Я сходил в туалет, затем прошел на кухню, сел на стул и огляделся. Вокруг меня стояли, висели и торчали самые разные предметы: водопроводный кран, газовый титан, плита, вытяжка, холодильник, тостер, посудный шкаф, стойка для ножей, чайник, электрическая сковородка, кофеварка и еще куча всего в том же духе. Я разглядывал эти вещи, приборы и инструменты, составлявшие Кухню, — и удивительное спокойствие от гармонии мира вокруг наполняло мне душу.
В эту квартиру мы въехали с женой. Лет восемь назад. Тогда я часто сидел ночью на кухне и читал книги. А жена спала. Так тихо, что я то и дело пугался, не умерла ли она во сне. При всем несовершенстве наших отношений, я по-своему любил ее.
Итак, я провел в этой квартире восемь лет. Вначале — с женой и кошкой. Первой исчезла жена. Потом кошка. Теперь мой черед... Я выкурил сигарету, стряхивая пепел в старую кофейную чашку, и выпил еще воды. Удивительно все-таки. Что держало меня здесь столько лет? Особой привязанности к этому жилищу я не испытывал. Да и дешевым его не назвал бы. Слишком яркое солнце бьет в окна по вечерам, и слишком неприветлив консьерж. За восемь лет моя жизнь вовсе не стала светлее. Просто в ней теперь меньше народу.
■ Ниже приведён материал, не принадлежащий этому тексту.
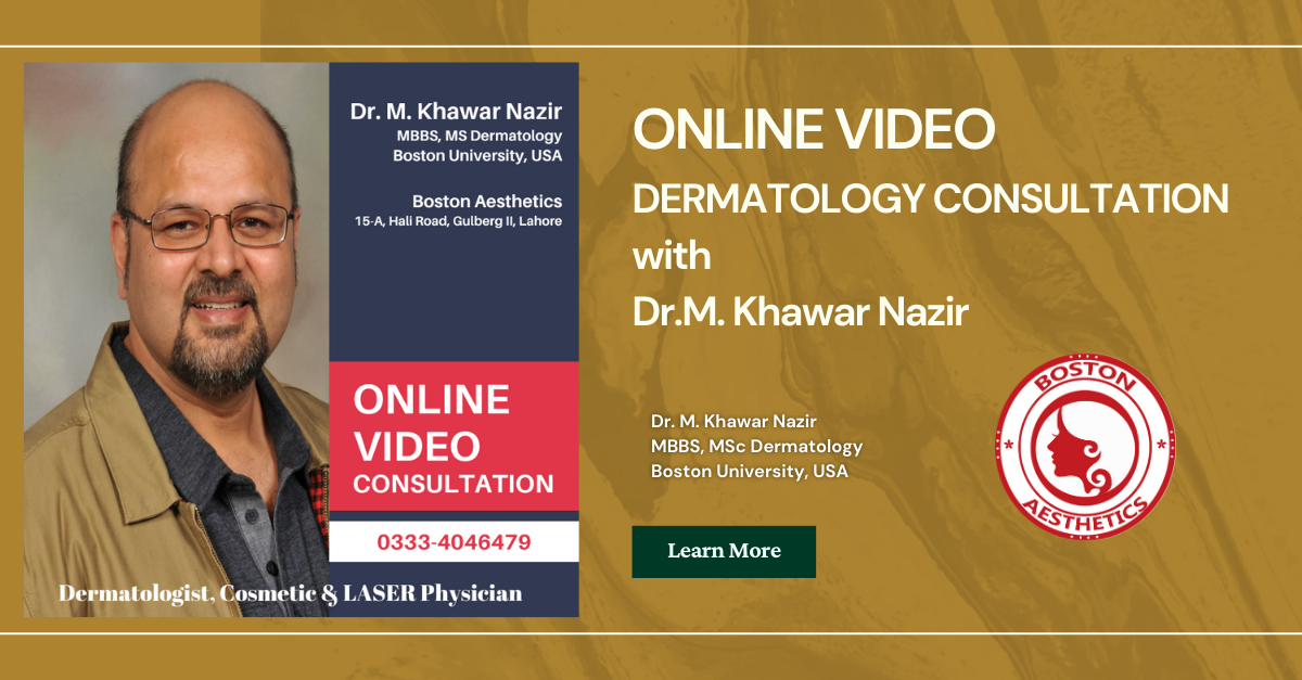 Experience expert online dermatology video consultations with Dr. M. Khawar Nazir at Boston Aesthetics Lahore. Get personalized skin care solutions from the comfort of your home. Contact now: 0333-4046479.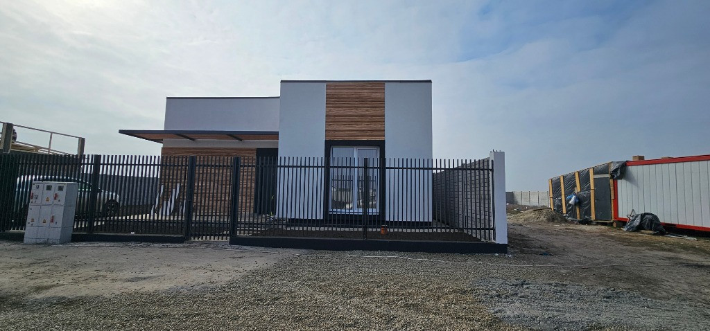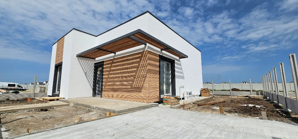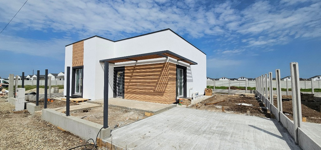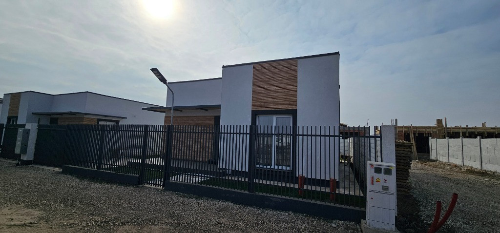 Va propunem spre vanzare o casa individuala pe parter ,situata intr-un ansamblu de locuinte . COMISION 0% PENTRU CUMPARATOR! Casa dispune de un teren în suprafață de 441 mp și o suprafață interioară utilă de 90 mp,fiind compartimentata astfel: PARTER: -Hol 4,98 mp -Living + Bucatarie 24.00 mp -Dormitor 9,36 mp -Grup sanitar 3,70 mp -Dormitor matrimonial 16,52 mp + Grup sanitar 5,00 mp -Dormitor 13,94 mp TERASA 19,90 mp BECI INCALZIRE IN PARDOSEALA PLACA PESTE PARTER POD DE DEPOZITARE Imobilul se vinde la cheie cu finisaje complete: faianta, gresie, parchet, usi interioare si obiecte sanitare . Acesta se preda cu utilitatile zonei : gaz , curent electric , fosa , put cu hidrofor sau pompa submersibila ). - Imobilul poate fi achizitionat atat din surse proprii, cat si prin credit bancar! -Consultanta financiară gratuita ! Pentru a afla toate detaliile care conteaza pentru tine , ai la dispozitie un consultant dedicat , care iti va fi alaturi si te va ghida in a lua o decizie informata . ELENA

Ладно. Как бы то ни было, теперь все подходит к концу.
Вечная жизнь, черт меня побери. Бессмертие...
Если верить Профессору, Конец Света — не смерть, а переход в другой мир. В котором я вернусь к самому себе и встречусь с тем, что уже потерял и что еще потеряю.
Может, оно и так. Старик зря не скажет. Если он говорит — бессмертие, — значит, так и есть. И все же как-то не верится. Слишком все размыто и абстрактно. Я прекрасно знаю, кто я — здесь и сейчас. А мысли бессмертных о бессмертии я даже представить не в состоянии, не говоря уже о единорогах и высоких стенах. Сказка про волшебника из страны Оз — и та правдоподобнее...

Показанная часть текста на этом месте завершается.